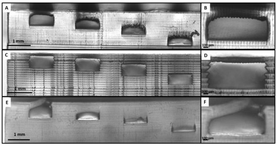 Images of the DLP 3D printed devices by Subirada et al. [99] using Detax (A,B), Asiga (C,D), and Keyprint (E,F) resins.
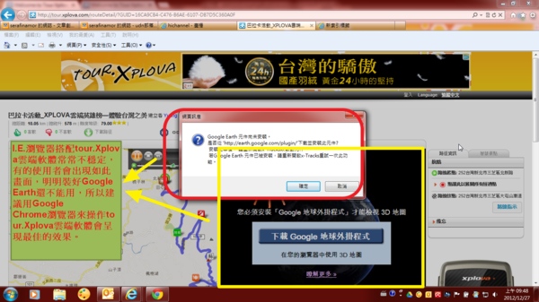 I.E.瀏覽器搭配tour.Xplova雲端軟體常常不穩定,有的使用者會出現如此畫面,明明裝好Google Earth還不能用,所以建議用Google Chrome瀏覽器來操作tour.Xplova雲端軟體會呈現最佳的效果。
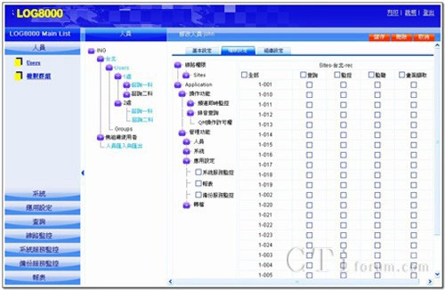 權(quán)限管理設(shè)計,采樹枝狀展開圖之設(shè)計模式,讓系統(tǒng)管理者可以輕易地掌握目前建立組織(各個據(jù)點)、人員(為值機員、督導(dǎo)、評分員或管理者)與不同群組之狀態(tài),設(shè)定多層級的權(quán)限密碼,增加維護便利性。
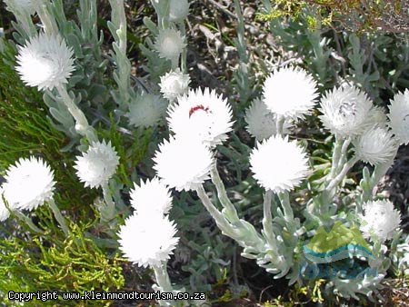 HEATHY FYNBOS ... Also known as ericaceous fynbos due to the dominance of the erica family, heathy fynbos occurs on shallow, sandy, acid soils that are highly infertile and is extensively found in moister areas such as natural seeps and marshes on steep, south-facing mountain slopes. Ericas use fungi in a symbiotic (mutually beneficial) relationship to absorb moisture instead of root-hairs and in return provide the fungi with sugar. Other interesting plants in this habitat are the mountain bluebell; now under threat, the flame-red Bredasdorp lily, found only on the Bredasdorp mountain, especially after fires; the large red disa, growing in damp kloofs in the Harold Porter Nature Reserve; the granny bonnet, an orchid that uses a rich oil to attract its pollinator, a bee; and the Cape or tinder everlasting (matras sewejaartjie) whose large, white flowers were once used to stuff mattresses. Everlastings are commercially important for the dried flower industry.
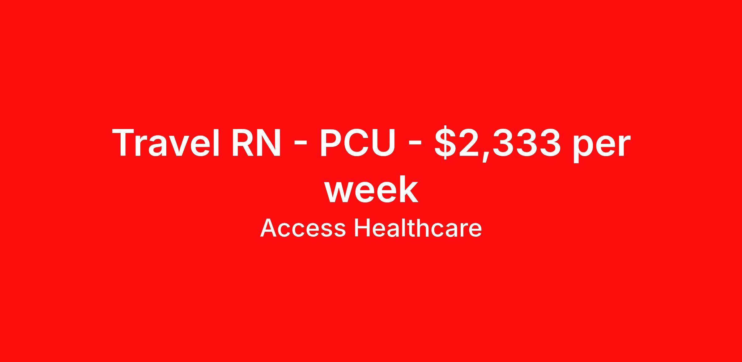 Access Healthcare is seeking a travel nurse RN PCU - Progressive Care Unit for a travel nursing job in Johnson City, Tennessee. Job Description & Requirements Specialty: PCU - Progressive Care Unit Discipline: RN Start Date: 04/12/2026 Duration: 13 weeks 36 hours per week Shift: 12 hours, nights Employment Type: Travel Access Healthcare Job ID 76202862. Pay package is based on 12 hour shifts and 36 hours per week (subject to confirmation) with tax-free stipend amount to be determined. About Access Healthcare Access Healthcare aims to provide superior service to our nursing family by providing around the clock support, competitive pay packages and an unmatched benefits package! Unlike other agencies, we offer a true family feel and work with you to find the placement that is right for you. We offer one of the top leading pay packages in the industry and we are ready to get you the money you deserve! Access Healthcare was founded by two travel nurses, Danielle and Diego, who had a dream and a shared vision of creating an agency which all nurses would want to work with. Our passion has led us to where we are today as one of the top 10 agencies in our home state of New Jersey, with access to contracts in all 50 states! We encourage you to join our team and we cannot wait to get to know you!
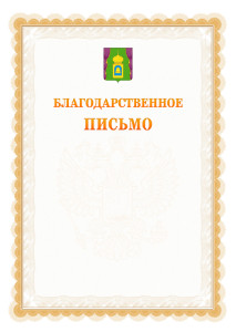 Шаблон официальной благодарности №16 c гербом Пушкино
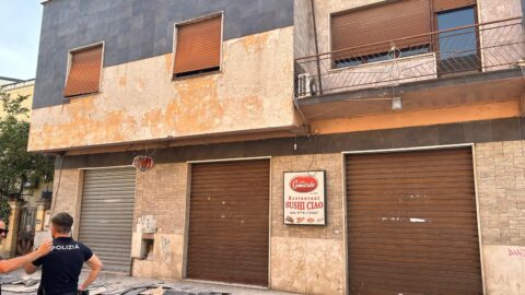 Cassino – Tragedia sfiorata in via Arigni: si stacca l’intonaco di una palazzina e finisce su strada a pochi metri dall’asilo
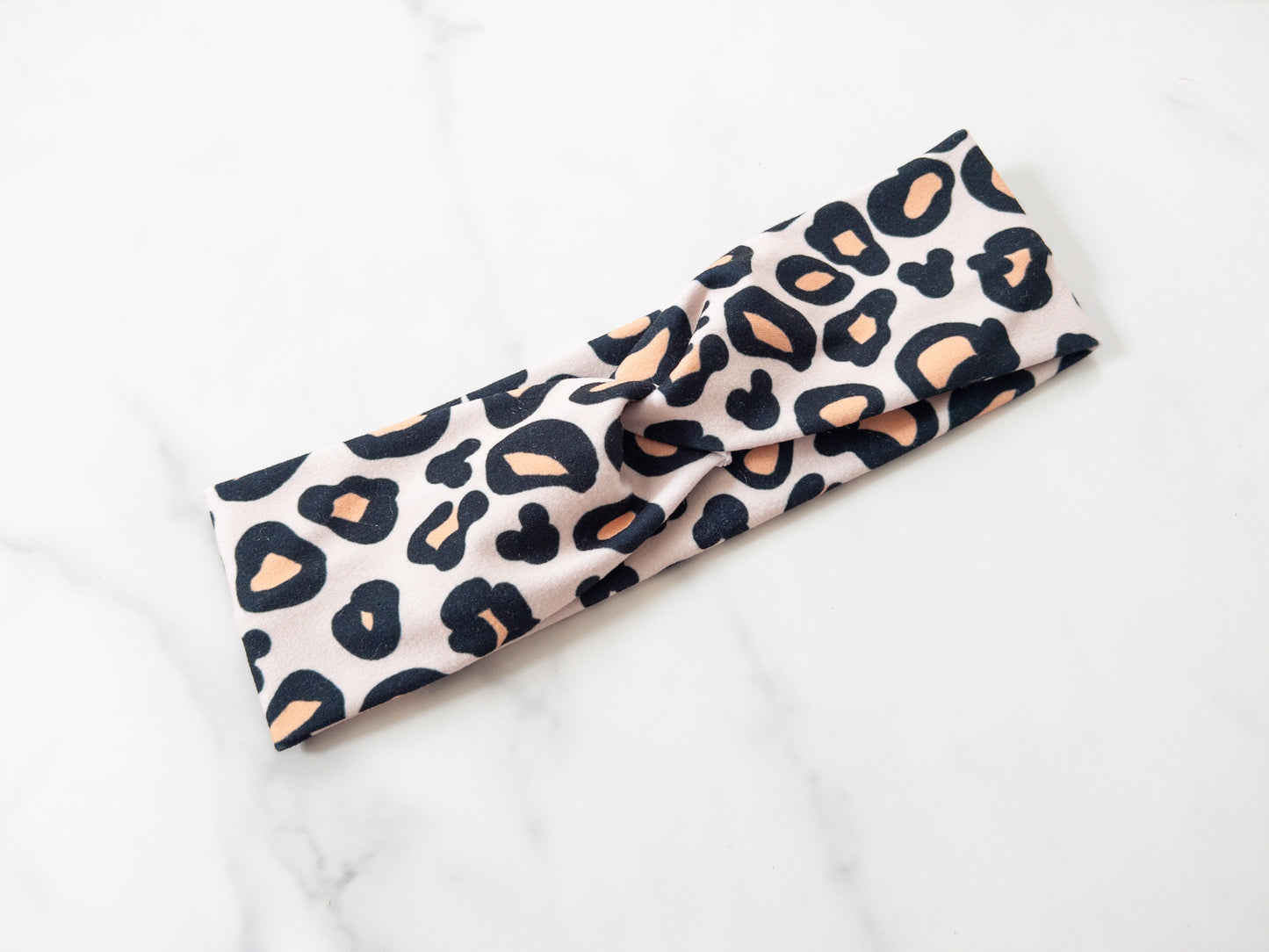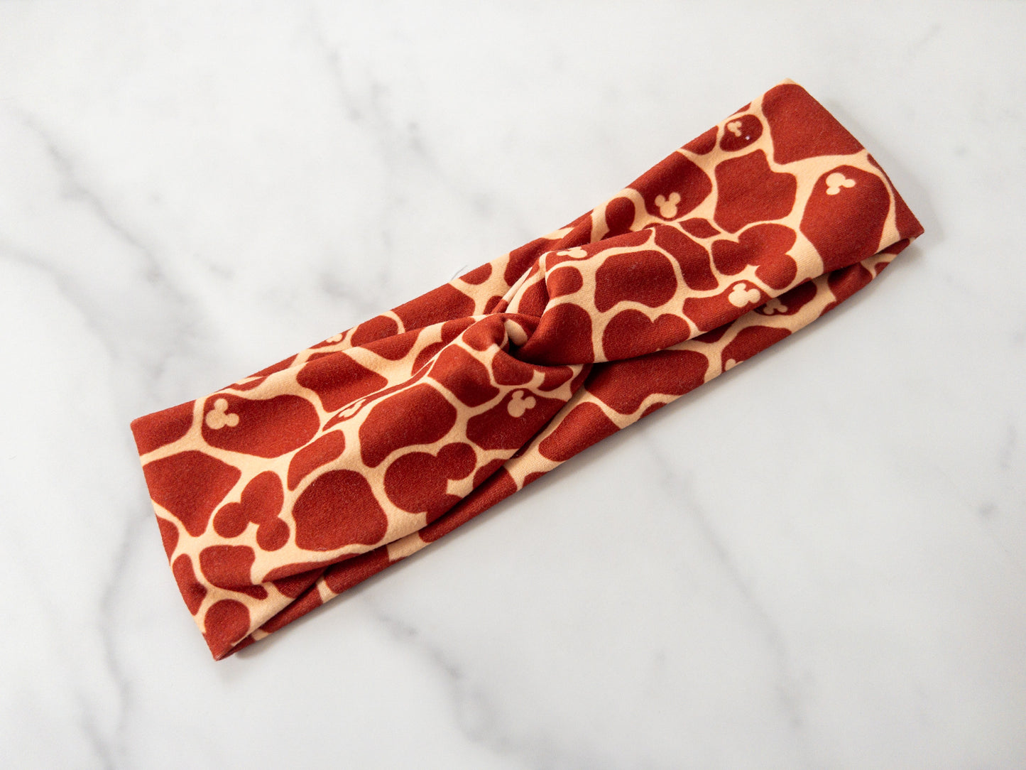 Stretch headband with twist. Headbands are about 18 inches in circumference and have a stretch to them. Headbands are 2.5 inches in width. Made from double brushed polyester material. Character placement will vary on individual headbands.
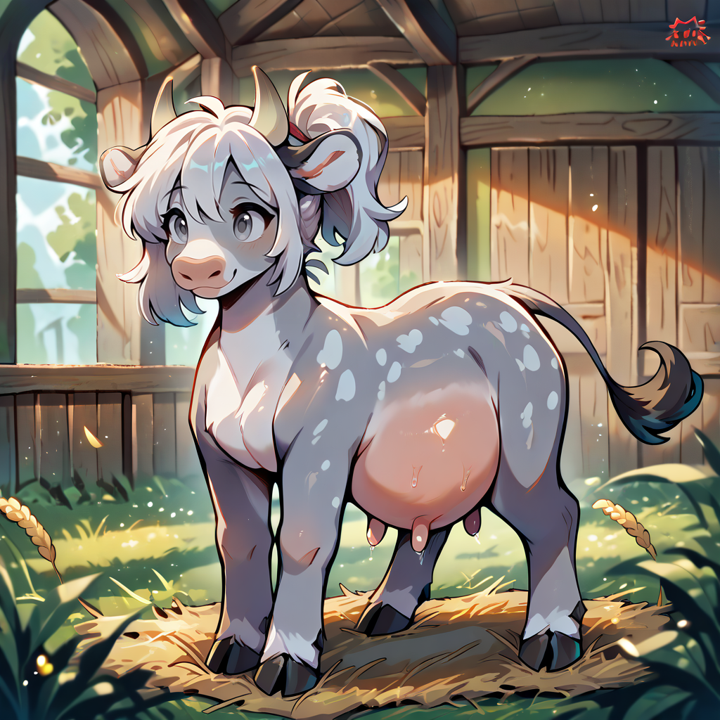 Cow Outfit : 1girl, solo, white hair, grey eyes, side ponytail, hucow, furry, transformation, animalization, <lora:ToraFurry_XL_PonyV6_Pear_p1-t1:1>, white spots, grey fur, furry female, anthro, ushimimi, (cow, hooves, udder:1.2), no nipples, no humans, hands on ground, cow limbs, cow muzzle, cow girl, cow horns, cow tail, standing, all fours
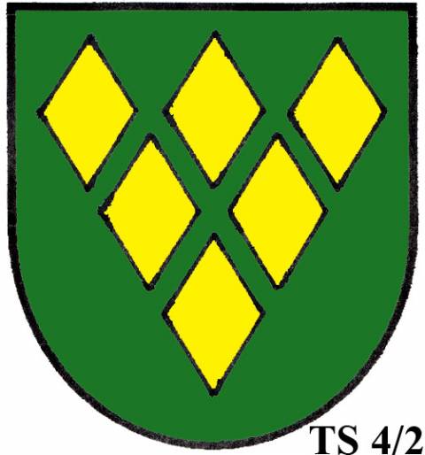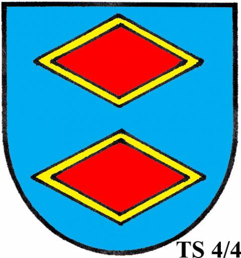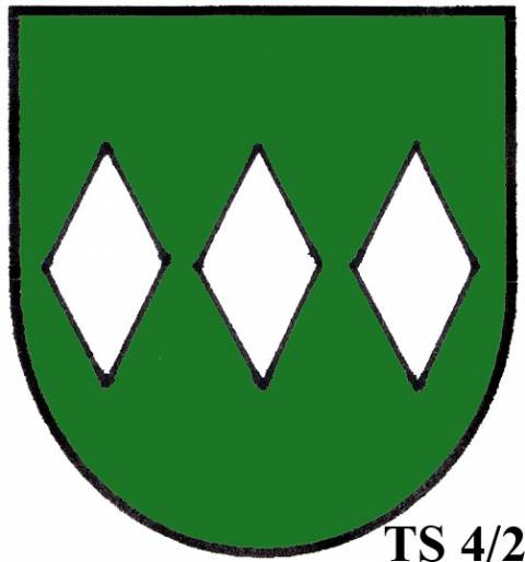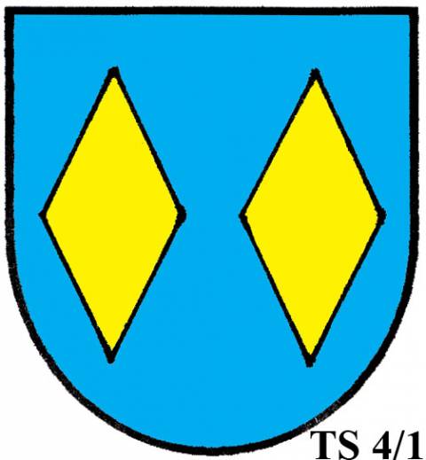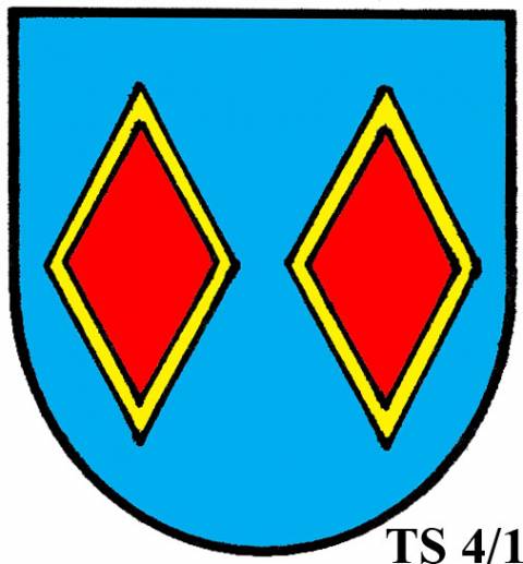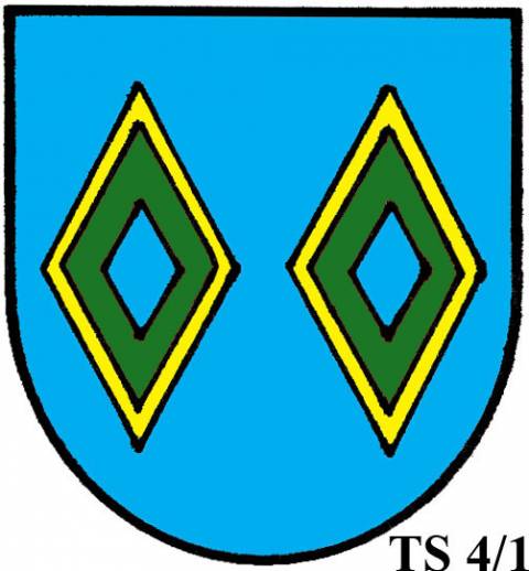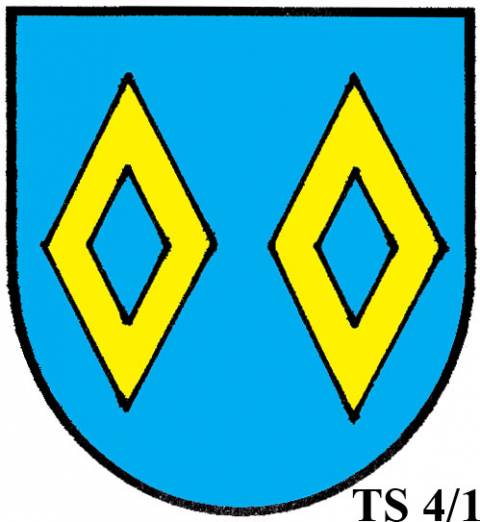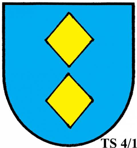 V modrém štítě dvě zlaté routy.TS 4/2: TŘI A VÍCE ROUT
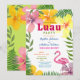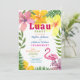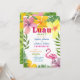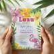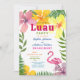 Celebre o amor em estilo paradisíaco com este convite de festa de noivado tropical luau, apresentando flores de hibisco brilhantes, folhas de palmeira e um flamingo rosa. Um layout ousado e festivo destaca os nomes do casal e os detalhes da festa em uma tipografia colorida e divertida. Perfeito para uma celebração de noivado com tema havaiano ou de verão na praia. Totalmente personalizável com seu próprio texto e cores.
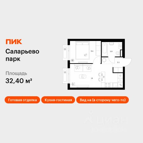 Продаётся 1-комн. квартира площадью 34,1 кв.м на 16 этаже 17 этажного дома (Корпус 20, Секция 1) проекта ПИК Саларьево парк. Светлый просторный подъезд на уровне земли, функциональная планировка, большие окна, c отделкой. Жилой район "Саларьево парк" расположен в Новой Москве, в четырёх километрах от МКАД по Киевскому шоссе. Две станции метро: "Саларьево" и "Филатов луг", — находятся в пешей доступности от проекта. Дойти до них можно за 510 минут. В квартале уже создана качественная среда, где есть абсолютно всё для полноценной жизни, работы и отдыха. Благодаря удобному расположению проекта всё важное будет рядом: детские сады, школы, кафе и рестораны, шопинг в торговых центрах, фитнес и даже аэропорт. Все корпуса в квартале гармонично сочетаются, образуя единую городскую среду. Между собой их объединяет невысокая этажность и натуральная цветовая гамма. Здесь приятно гулять и проводить время на улице всей семьёй. В "Саларьево парке" создана уникальная образовательная среда, включающая в себя шесть школ, рассчитанных на 6 250 учеников. Две из них уже открыты, их посещает 2 300 детей. Также на территории "Саларьево парка" находится 12 детских садов, один из которых с бассейном. Сейчас уже открыты 7 садов. В "Саларьево парке" открыта уникальная игровая площадка — PlayHub "Оригами". Здесь есть ручей, горка-труба и рельефные холмы. Взрослые смогут отдохнуть в уютном кафе, пока дети играют. Также на территории проекта есть SportHub — большая спортивная зона, разделённая по интересам и возрастам. Здесь можно заниматься разными видами спорта: футболом, баскетболом, волейболом и стритболом. Зимой центральную часть площадки превращают в каток. Во дворах-парках жилого квартала есть места для отдыха, детские и спортивные площадки. На первых этажах домов расположены магазины, кафе и полезные сервисы. Также вблизи проекта есть несколько масштабных торговых центров. До ТЦ "Саларис" пять минут пешком, до "Рио", Metro Cash & Carry и "Леруа Мерлен" — пять минут на автомобиле. Артикул 946811 (Застройщик ООО "Специализированный Застройщик "Тирон")
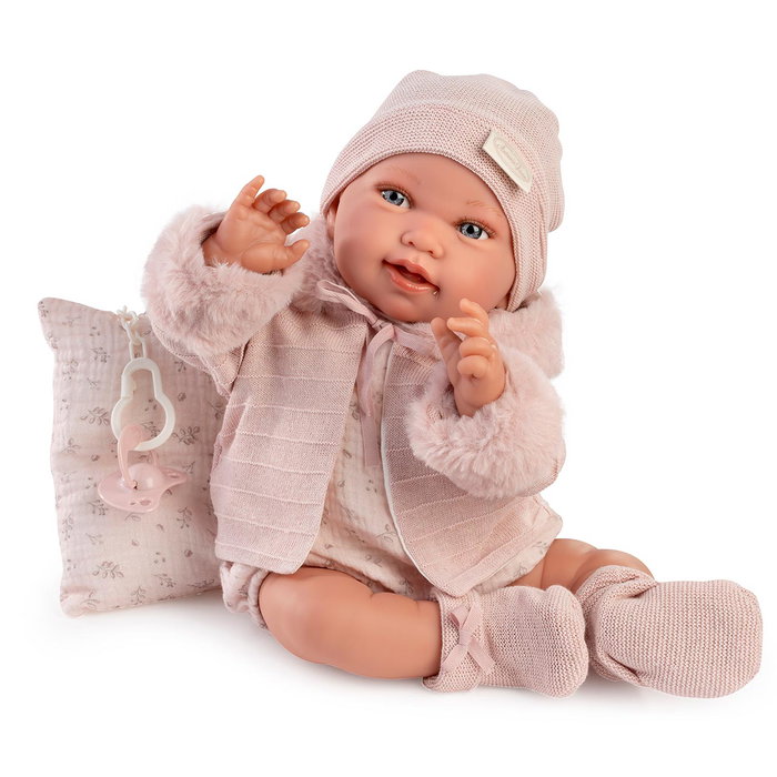 Muñecas Antonio Juan Muñeca Recién Nacida Pipa Invierno 33392, 42 cm, Relleno de Bolitas, Viste de Rosa con Pelele y Gorro, Idiomas: Español, English, Francés, Alemán, Portugués

◆ **Brief**:
Reproduce the entries above without change, omitting all pictures.

◆ **Reply to the exercise**:
 Images of the DLP 3D printed devices by Subirada et al. [99] using Detax (A,B), Asiga (C,D), and Keyprint (E,F) resins.
 I.E.瀏覽器搭配tour.Xplova雲端軟體常常不穩定,有的使用者會出現如此畫面,明明裝好Google Earth還不能用,所以建議用Google Chrome瀏覽器來操作tour.Xplova雲端軟體會呈現最佳的效果。
 權(quán)限管理設(shè)計,采樹枝狀展開圖之設(shè)計模式,讓系統(tǒng)管理者可以輕易地掌握目前建立組織(各個據(jù)點)、人員(為值機員、督導(dǎo)、評分員或管理者)與不同群組之狀態(tài),設(shè)定多層級的權(quán)限密碼,增加維護便利性。
 HEATHY FYNBOS ... Also known as ericaceous fynbos due to the dominance of the erica family, heathy fynbos occurs on shallow, sandy, acid soils that are highly infertile and is extensively found in moister areas such as natural seeps and marshes on steep, south-facing mountain slopes. Ericas use fungi in a symbiotic (mutually beneficial) relationship to absorb moisture instead of root-hairs and in return provide the fungi with sugar. Other interesting plants in this habitat are the mountain bluebell; now under threat, the flame-red Bredasdorp lily, found only on the Bredasdorp mountain, especially after fires; the large red disa, growing in damp kloofs in the Harold Porter Nature Reserve; the granny bonnet, an orchid that uses a rich oil to attract its pollinator, a bee; and the Cape or tinder everlasting (matras sewejaartjie) whose large, white flowers were once used to stuff mattresses. Everlastings are commercially important for the dried flower industry.
 Access Healthcare is seeking a travel nurse RN PCU - Progressive Care Unit for a travel nursing job in Johnson City, Tennessee. Job Description & Requirements Specialty: PCU - Progressive Care Unit Discipline: RN Start Date: 04/12/2026 Duration: 13 weeks 36 hours per week Shift: 12 hours, nights Employment Type: Travel Access Healthcare Job ID 76202862. Pay package is based on 12 hour shifts and 36 hours per week (subject to confirmation) with tax-free stipend amount to be determined. About Access Healthcare Access Healthcare aims to provide superior service to our nursing family by providing around the clock support, competitive pay packages and an unmatched benefits package! Unlike other agencies, we offer a true family feel and work with you to find the placement that is right for you. We offer one of the top leading pay packages in the industry and we are ready to get you the money you deserve! Access Healthcare was founded by two travel nurses, Danielle and Diego, who had a dream and a shared vision of creating an agency which all nurses would want to work with. Our passion has led us to where we are today as one of the top 10 agencies in our home state of New Jersey, with access to contracts in all 50 states! We encourage you to join our team and we cannot wait to get to know you!
 Шаблон официальной благодарности №16 c гербом Пушкино
 Cassino – Tragedia sfiorata in via Arigni: si stacca l’intonaco di una palazzina e finisce su strada a pochi metri dall’asilo
 Stretch headband with twist. Headbands are about 18 inches in circumference and have a stretch to them. Headbands are 2.5 inches in width. Made from double brushed polyester material. Character placement will vary on individual headbands.
 Cow Outfit : 1girl, solo, white hair, grey eyes, side ponytail, hucow, furry, transformation, animalization, <lora:ToraFurry_XL_PonyV6_Pear_p1-t1:1>, white spots, grey fur, furry female, anthro, ushimimi, (cow, hooves, udder:1.2), no nipples, no humans, hands on ground, cow limbs, cow muzzle, cow girl, cow horns, cow tail, standing, all fours
 V modrém štítě dvě zlaté routy.TS 4/2: TŘI A VÍCE ROUT
 Celebre o amor em estilo paradisíaco com este convite de festa de noivado tropical luau, apresentando flores de hibisco brilhantes, folhas de palmeira e um flamingo rosa. Um layout ousado e festivo destaca os nomes do casal e os detalhes da festa em uma tipografia colorida e divertida. Perfeito para uma celebração de noivado com tema havaiano ou de verão na praia. Totalmente personalizável com seu próprio texto e cores.
 Продаётся 1-комн. квартира площадью 34,1 кв.м на 16 этаже 17 этажного дома (Корпус 20, Секция 1) проекта ПИК Саларьево парк. Светлый просторный подъезд на уровне земли, функциональная планировка, большие окна, c отделкой. Жилой район "Саларьево парк" расположен в Новой Москве, в четырёх километрах от МКАД по Киевскому шоссе. Две станции метро: "Саларьево" и "Филатов луг", — находятся в пешей доступности от проекта. Дойти до них можно за 510 минут. В квартале уже создана качественная среда, где есть абсолютно всё для полноценной жизни, работы и отдыха. Благодаря удобному расположению проекта всё важное будет рядом: детские сады, школы, кафе и рестораны, шопинг в торговых центрах, фитнес и даже аэропорт. Все корпуса в квартале гармонично сочетаются, образуя единую городскую среду. Между собой их объединяет невысокая этажность и натуральная цветовая гамма. Здесь приятно гулять и проводить время на улице всей семьёй. В "Саларьево парке" создана уникальная образовательная среда, включающая в себя шесть школ, рассчитанных на 6 250 учеников. Две из них уже открыты, их посещает 2 300 детей. Также на территории "Саларьево парка" находится 12 детских садов, один из которых с бассейном. Сейчас уже открыты 7 садов. В "Саларьево парке" открыта уникальная игровая площадка — PlayHub "Оригами". Здесь есть ручей, горка-труба и рельефные холмы. Взрослые смогут отдохнуть в уютном кафе, пока дети играют. Также на территории проекта есть SportHub — большая спортивная зона, разделённая по интересам и возрастам. Здесь можно заниматься разными видами спорта: футболом, баскетболом, волейболом и стритболом. Зимой центральную часть площадки превращают в каток. Во дворах-парках жилого квартала есть места для отдыха, детские и спортивные площадки. На первых этажах домов расположены магазины, кафе и полезные сервисы. Также вблизи проекта есть несколько масштабных торговых центров. До ТЦ "Саларис" пять минут пешком, до "Рио", Metro Cash & Carry и "Леруа Мерлен" — пять минут на автомобиле. Артикул 946811 (Застройщик ООО "Специализированный Застройщик "Тирон")
 Muñecas Antonio Juan Muñeca Recién Nacida Pipa Invierno 33392, 42 cm, Relleno de Bolitas, Viste de Rosa con Pelele y Gorro, Idiomas: Español, English, Francés, Alemán, Portugués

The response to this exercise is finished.